There are also some patients are due to a long time internal laxatives, resulting in the colon mucosa of the melanin continues to deposit, causing non-inflammatory bowel disease. Patients who have abdominal pain after bowel movement are mainly caused by prolonged constipation, the condition continues to worsen, and no timely measures are taken.
In terms of treatment, patients are advised not to use laxatives containing coloring. You can follow the doctor’s instructions to take lactulose, etc. It is recommended that patients usually eat more fiber-rich foods, such as apples, bananas, etc., which can effectively improve the symptoms of constipation.
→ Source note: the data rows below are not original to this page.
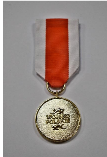
STRONA ODWROTNA MEDALU
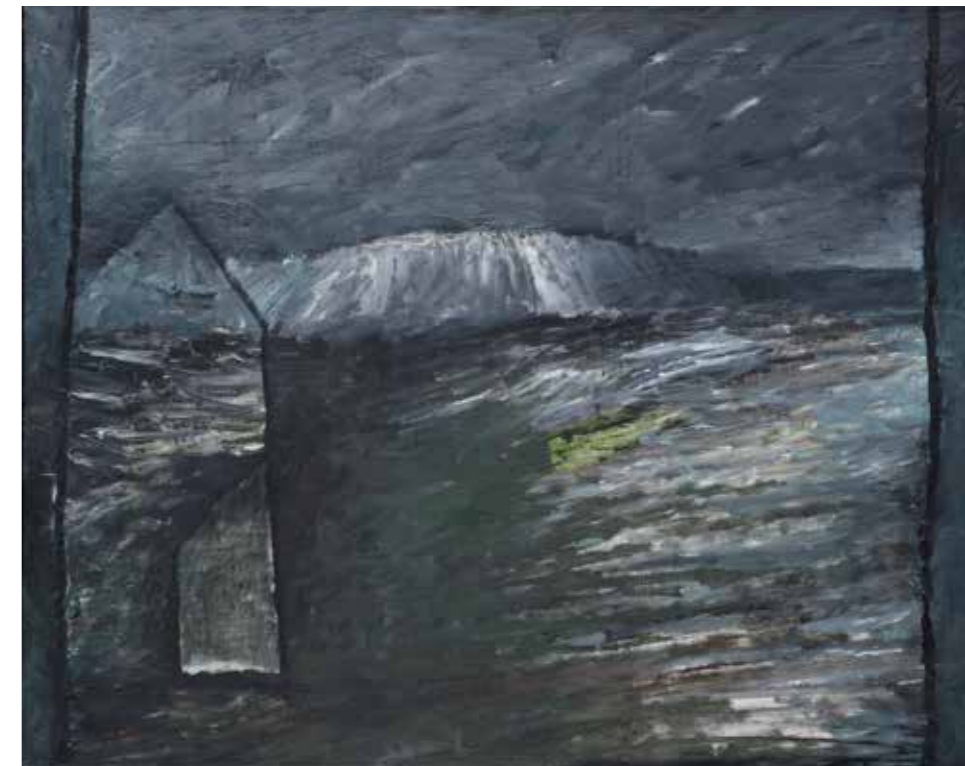
Nawojowa 30 XII 90, 1991-1995, olej na płótnie, 80 x 100 cm

Nałęczowski Ośrodek Kultury ul. Lipowa 6, Nałęczów nok@naleczow, www.noknaleczow.pl
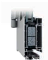
DVEŘE MB-79N SI+
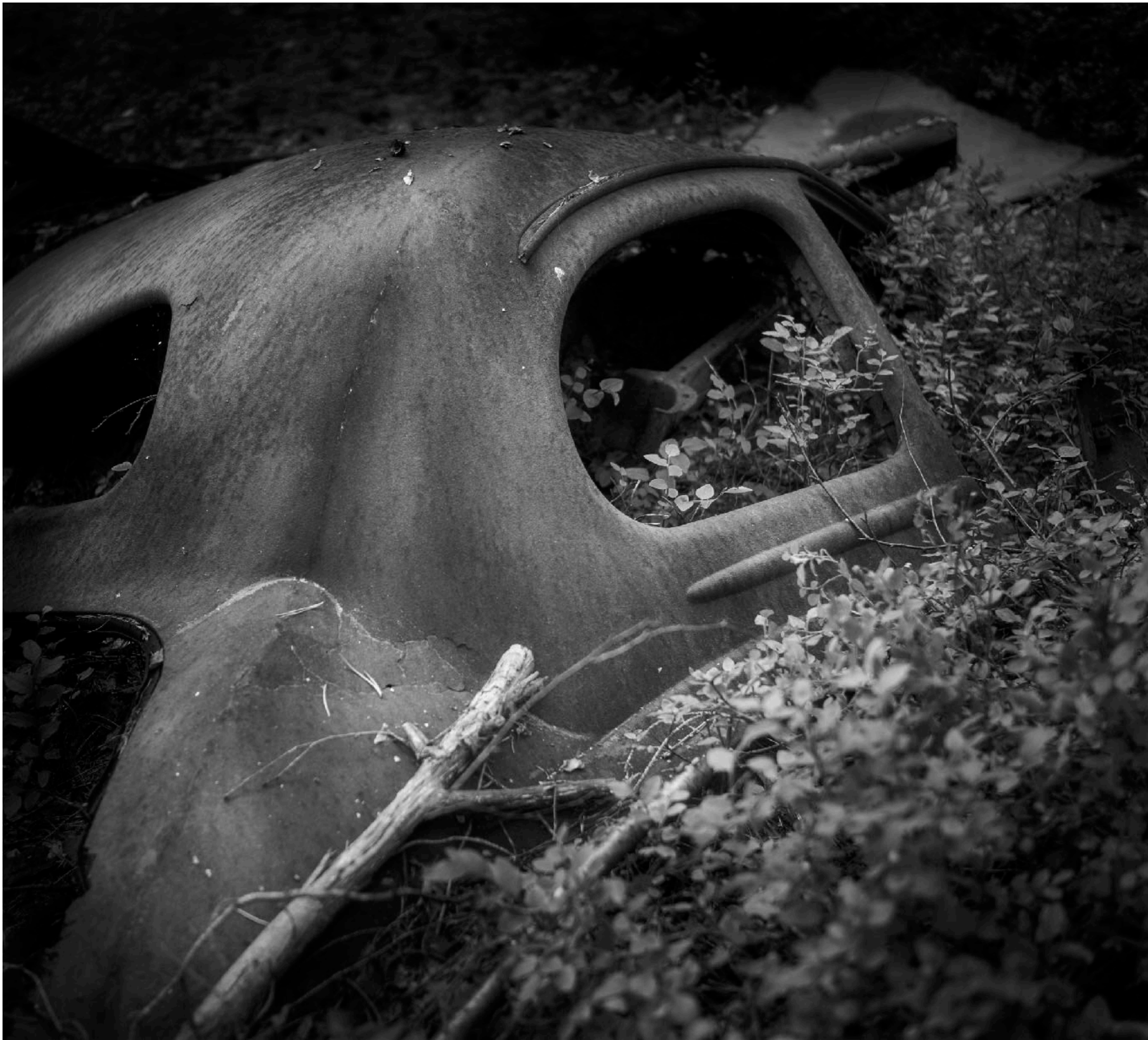
Bilvraken bryts långsamt ner och flera av dem har börjat sjunka ner i mossen . Så det gäller att besöka Kyrkö mosse innan allt är borta. Ingen vet heller vad som händer när det 49-åriga bygglovet går ut.
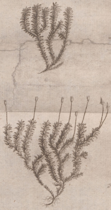
Bryum hypnoide erectum montanum erectis capitulis acutis.
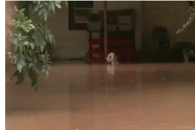
Cane lasciato alla catena durante una alluvione

Durante l'evacuazione dell'abitazione, se non possiamo portarli con noi, è necessario liberare gli animali legati alla catena o chiusi nei recinti.
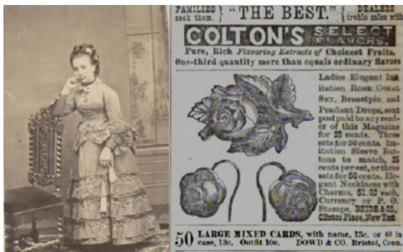
Figura 3 - À esquerda, moça com penteado com aplicações no cabelo, década de 1870. À direita, anúncio de flores para cabelo, de dezembro de 1877.
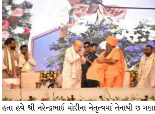
હતા હવે શ્રી નરેન્દ્રભાઈ મોદીના નેતૃત્વમાં તેનાથી છ ગણ વધારે ૧,૩૭,૦૦૦ કરોડ અને ૨૫ લાખ કરોડ ખેડૂતોને લોનમાટે આપવામાં આવ્યા છે તેમ પણ જણાવ્યું હતું.

જૂનાગઢ તા.૮ કેન્દ્રીય ગૃહ અને સહકારિતા મંત્રી શ્રી અમિતભાઈ શાહના હસ્તે આજે જૂનાગઢ જિલ્લાના ચાપરાડ સ્થિત બ્રહ્માનંદ વિદ્યાધામ ખાતે શ્રી મુક્તાનંદ બાપુની પ્રેરક ઉપસ્થિતિમાં સૈનિક સ્કૂલ શાળા બિલ્ડિંગ, સૈનિક સ્કૂલ સ્ટોક ક્વાર્ટર ભવન, જ્ય અંગે હોસ્પિટલ ડોક્ટર ક્વાર્ટર બિલ્ડિંગ, જ્ય અંગે હોસ્પિટલ મોડ્યુલર ઓપરેશન થિયેટર કોમ્પ્લેક્સ અને બ્રહ્માનંદ વિદ્યાધામ અતિથિ ભવનનું લોકાર્પણ તેમજ પૂજ્ય મુક્તાનંદ બાપુ મેડિકલ કોલેજ એન્ડ રિસર્ચ ઇન્સ્ટિટ્યૂટ, શ્રી બ્રહ્માનંદ વિદ્યાધામ સંસ્કૃત શક્તિ ગુરુકુળનું ખાતમુહૂર્ત કરવામાં આવ્યું હતું.
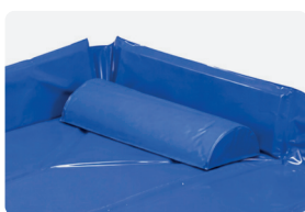
COUSSIN CYLINDRIQUE Hauteur 9,90 cm, longueur 49,7 cm, largeur 20,2 cm
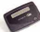
und 1-Kanal alphanumerischer Pager
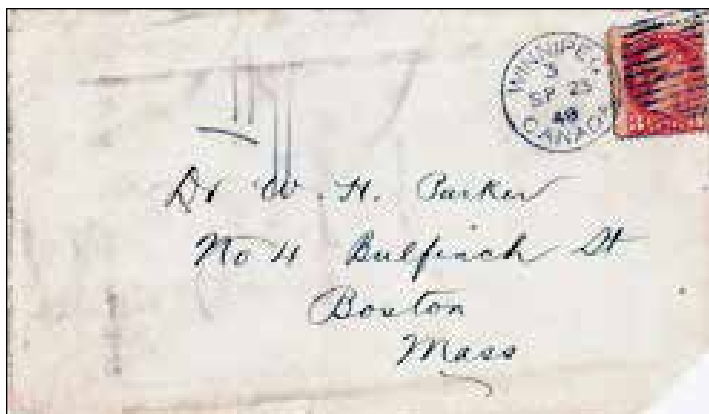
La date du CDC de Winnipeg est 1848, ce qui est une erreur. Le timbre petite reine de trois cents a été émis en 1870 seulement.

Les commis devaient étamper l'enveloppe à la main avec le mot « RECOMMANDÉ » ou avec un cercle ou un ovale comportant la lettre « R » au centre. Vingt des plis recommandés avaient l'étampe manuelle « RECOMMANDÉ ». Sur l'un des vingt plis, un encadré mettait en évidence le mot « RECOMMANDÉ ». Huit plis comportaient une étampe manuelle ovale représentant la lettre « R » et tous avaient été postés à partir de l'année 1886. Trois des plis ne portaient pas de mention « RECOMMANDÉ », mais cette dernière avait été écrite à la main sur deux autres.
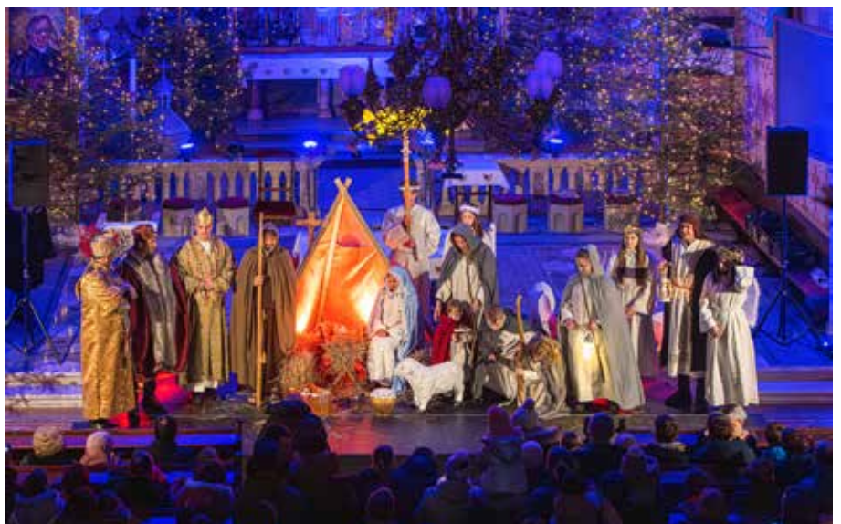
Žive jaslícé v cerkvi sv. Jerneja, Vojnik

Colorectal melanosis accompanied by abdominal pain is recommended to timely hospital treatment.
Symptoms and Diagnosis
Typical symptoms
The common symptoms of colorectal neoplasia include chronic constipation, abdominal distension and difficulty in defecation, and a few patients can see hidden pain in the lower abdomen and loss of appetite.
Diagnostic basis
1. Most patients have a history of constipation and long-term use of laxatives. 2. Colonoscopy: the mucosa of the colon has brown or black granular or stripes, which are tiger-skin-like or betel-nut slice-like pigmented spots. The diagnosis can be made if the above two conditions are met. If necessary, it can be combined with histopathological examination, which shows that the epithelial cells of the colonic mucosa are roughly normal, and there are a large number of densely or sparsely distributed macrophages in the lamina propria, and the cytoplasm is full of pigmented particles.
Treatment
Treatment guidelines
1. Improve constipation through diet and exercise, and stop using anthraquinone laxatives. 2. Surgery can be given if necessary.
Medication
For severe constipation, osmotic laxatives such as lactulose can be used instead of anthraquinone laxatives.
Surgical treatment
Mainly for constipation. If anterior rectal protrusion, internal rectal intussusception, or puborectal muscle syndrome cause defecation difficulties, surgical treatment measures such as anterior rectal protrusion repair, internal rectal intussusception fixation, and partial resection of puborectal muscle can be considered to restore normal defecation function.
Prognosis
The disease is a benign reversible damage with a favorable prognosis.
Nursing care
Daily care
1. Reasonable exercise to improve constipation. 2. Maintain a happy mood and develop the habit of regular bowel movement. 3.
Dietary management
Diet should be low-fat, low-salt and rich in nutrients. Eat more foods rich in fiber. Do not eat spicy and stimulating food. Avoid smoking and alcohol.